Alternatively, the sequence between Gag and Pol ORF can contain a small repetitive motif (such as AAAAA) that induces slippage of the ribosome, which then allows the translation of the second ORF by frameshifting (Jin and Bennetzen, 1989; Gao et al., 2003; Kovalchuk et al., 2005). This mechanism, including pseudoknot formation, is very common among plant viruses (Giedroc et al., 2000). Another possible means is the use of a specific and rare transfer RNA (tRNA), causing ribosomal stalling and slippage and allowing entry into the second ORF (reviewed by Hull and Covey, 1995). Despite the seeming logic of two ORFs for the sake of stoichiometric balancing of GAG with the non-structural products, it appears that some plant retrotransposons use the more ‘wasteful’ approach of a single ORF. For example, in BARE-1, there is only one ORF, leading to the synthesis of a single, large polyprotein including GAG and POL, which is later cleaved into functional units. Not only does the DNA sequence not reveal a putative frameshift, but also Western immunoblots probed with anti-GAG antibodies are consistent with a single ORF (Jääskeläinen et al., 1999; Jääskeläinen and Schulman, unpublished data). Post-translational processing of POL (and between GAG and POL for BARE-1) protein is performed endoproteolytically by the AP domain of the POL (Figure 1b; Jääskeläinen et al., 1999).

Nucleocapsid formation, packaging and dimerization

The retroviral GAG protein possesses three functional domains (in many investigated cases, cleaved into separate polypeptides from a GAG precursor), which are shared by the GAG of LTR retrotransposons. These are: the Capsid (polymerization); the Nucleocapsid itself, harboring the Zn-fingers and basic residues (nucleic acid interactions); the Matrix domain (association with the envelope protein; Adamson and Jones, 2004). The GAG of plant LTR retrotransposons appears to contain both the Capsid and Nucleocapsid domains, and possesses relatively little similarity to the Matrix domain (Jääskeläinen et al., 1999 and unpublished data).
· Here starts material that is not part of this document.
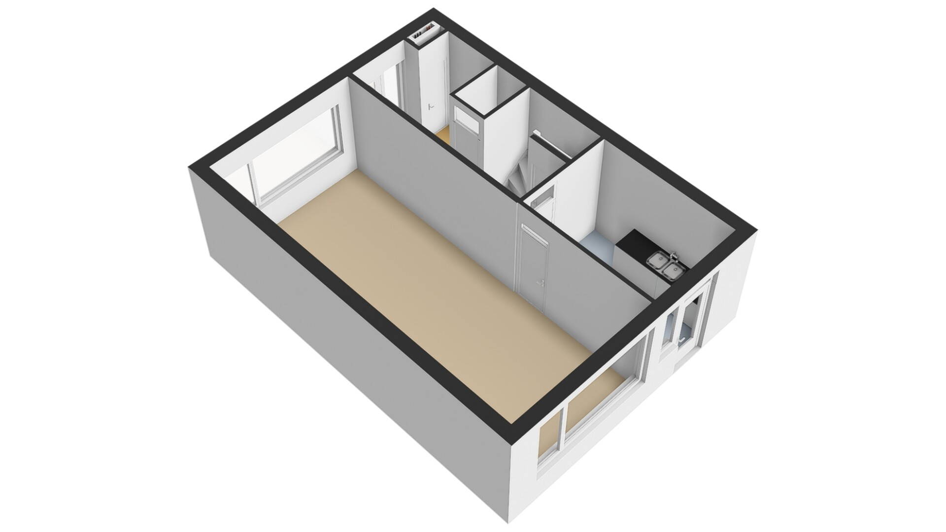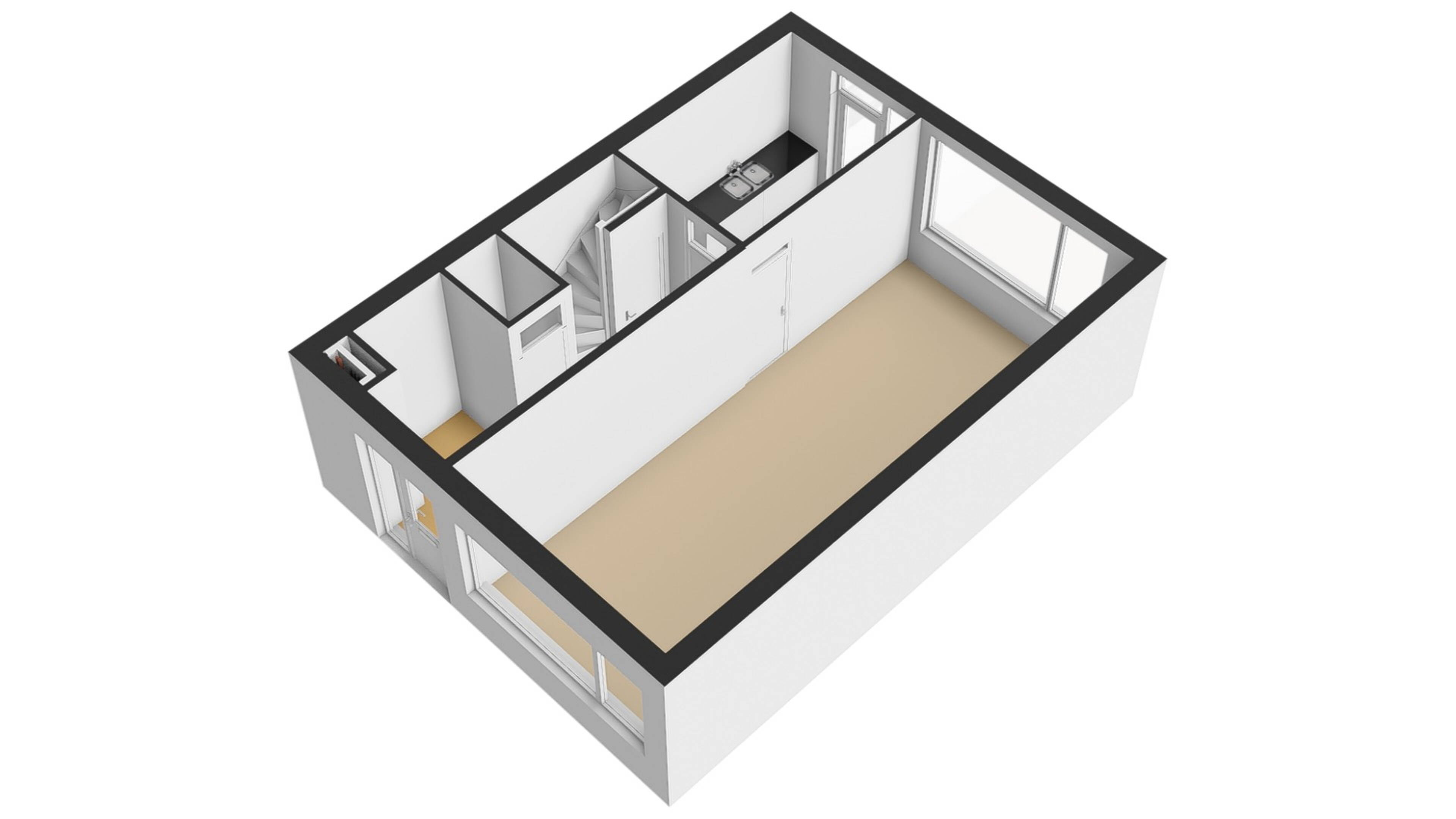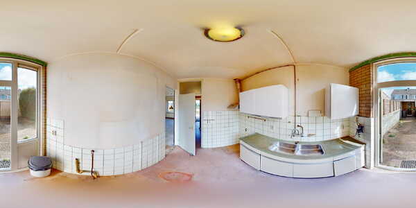 Vanuit de hal kunt u de functionele keuken bereiken. De keuken is in een rechte opstelling uitgevoerd. U heeft hier de mogelijkheid om een keuken aan beide zijden van de ruimte te plaatsen. Via de openslaande tuindeur kunt u de achtertuin bereiken.

Virus-like particles (VLPs) are formed to allow the reverse transcription of a (theoretically) specific RNA. The VLP results from GAG polymerization, mediated by the Capsid domain. The mechanism by which the RNA is internalized within the VLP is called Packaging. Packaging is generally selective for the RNA corresponding to the GAG that forms the VLP. In retroviruses, this selectivity is directed by the PSI sequence (packaging signal), a secondary RNA structure specifically recognized by either the Zn-fingers or the basic residues of the Nucleocapsid domain of the GAG proteins (reviewed by Harrison et al., 1995; Evans et al., 2004). The PSI sequence is generally located just after the PBS (primer-binding site) but before the Gag AUG. For HIV- and SIV-like retroviruses, the important and selective components of the PSI are an RCC sequence within a 7-base loop, followed or preceded by a less specific GAYC loop with a GC-rich stem (Harrison et al., 1995; Clever et al., 2002). Accessory stem–loop formations ensure a high level of specificity in packaging. For the LTR retrotransposons, the location of the PSI sequence has not yet been verified. Nevertheless, the high level of RNA structural conservation near the PBS (i.e., at the putative position of a PSI), as well as the family-specific motifs in this area, lead us to suppose a common mechanism for the retrovirus and retrotransposon packaging (Sabot and Schulman, unpublished data).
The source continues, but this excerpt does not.